Meta’s Latest Dataset to Train Speech Recognition Engines on ‘Groups’ of Speakers
In 2023, Siri still hasn’t managed to understand certain commands, despite the significant progress made in generative AI systems. The synthetic assistants on our smartphones are still as ineffective at hearing as they were in 2011. Fortunately, Meta AI has created a new dataset that could enhance the capabilities of automatic speech recognition (ASR) tools by grouping speech at the “utterance level.”
Meta has long sought to improve the performance of ASRs by teaching them to train without transcripts, recognize more than 4,000 spoken languages, and even read lips with higher skill than human experts. However, many of the datasets used to train ASR models are organized by demographic—age group, gender, nationality, English accent—which limits the variation in pronunciation with which the models are trained, ultimately preventing their performance from understanding a broad cross-section of users. .

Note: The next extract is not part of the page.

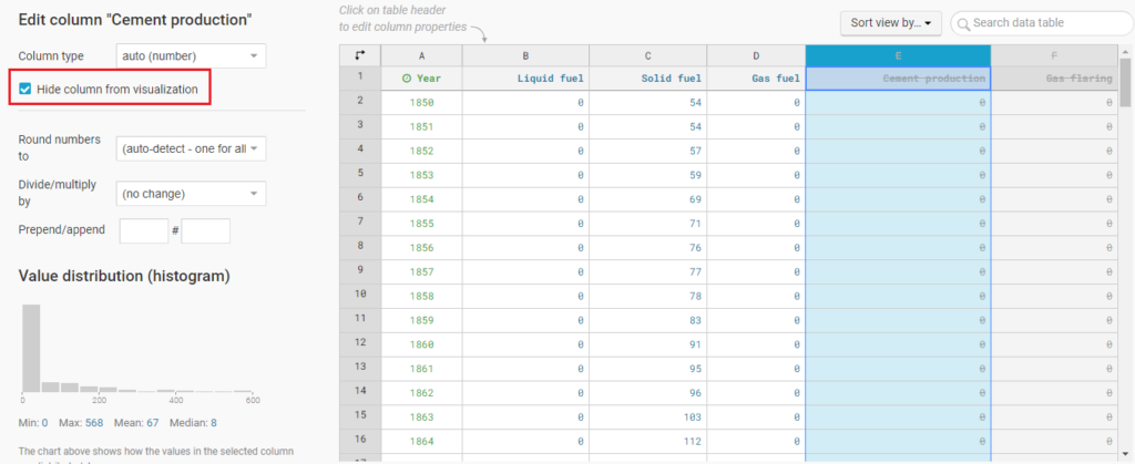 Vous pouvez exclure des colonnes ou des lignes de votre visualisation en cliquant sur leur en-tête, puis en cochant « Hide column from visualization ».

To get around this, Meta AI has developed a data set that is instead based on an expression clustering method. “Instead of partitioning the dataset based on speaker demographics… our proposed algorithm clusters speech at the utterance level,” the Meta AI team explained in a Wednesday blog post. “One cluster contains similar utterances from a different group of speakers. We can then train our model using different clusters and use fairness datasets to measure how the model affects outcomes in different populations.”

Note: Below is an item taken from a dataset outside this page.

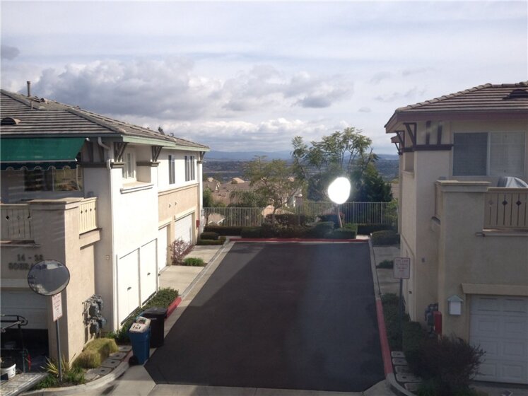 Wonderful Saddleback Mountains View. Upper carriage unit with laminated floors and carpet. Open great room concept with white tiled counter tops in kitchen that opens to living room and dining room space. Small deck off dining room. Two bedrooms with views! Wonderful master bath area with walk-in closet. Another full bath. The two car attached direct access garage is large with washer and dryer. This is a wonderful wonderful upper floor unit.

Meta’s resulting dataset contains just over 27,000 command phrases collected from 595 paid US volunteers. Their talks revolved around seven main themes—music, capture, utilities, notification management, messaging, calls, and dictation—which other researchers can then use to train their own models and digital assistants. Prompts included asking speakers how they would do a voice search for a song or make plans with friends and deciding on a meeting place.
To evaluate this new system, Meta first trained a model on publicly available English Facebook videos. The researchers then evaluated the model using two other datasets: Casual Conversations v1, published by Meta in 2021, and an “anonymized dataset collected from ASR’s data provider,” which contains 48,000 conversations from 867 individuals.

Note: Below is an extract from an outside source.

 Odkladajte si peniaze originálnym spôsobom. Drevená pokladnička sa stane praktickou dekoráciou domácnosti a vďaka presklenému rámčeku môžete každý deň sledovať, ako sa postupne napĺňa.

Initial results proved promising, with model performance improving “for all demographics across our evaluation datasets, although by far the biggest gains are for adding accents,” according to the blog. Overall, ASR performance improved by 10 percent with the clustering method, and big gains also came from the 66-85 demographic, a traditionally underrepresented demographic in the voice command space.
“The algorithm we propose is part of Meta’s long-term focus on responsible artificial intelligence and just one part of our holistic approach to solving fairness problems,” the researchers wrote. In the future, the team will study adapting the system to other languages.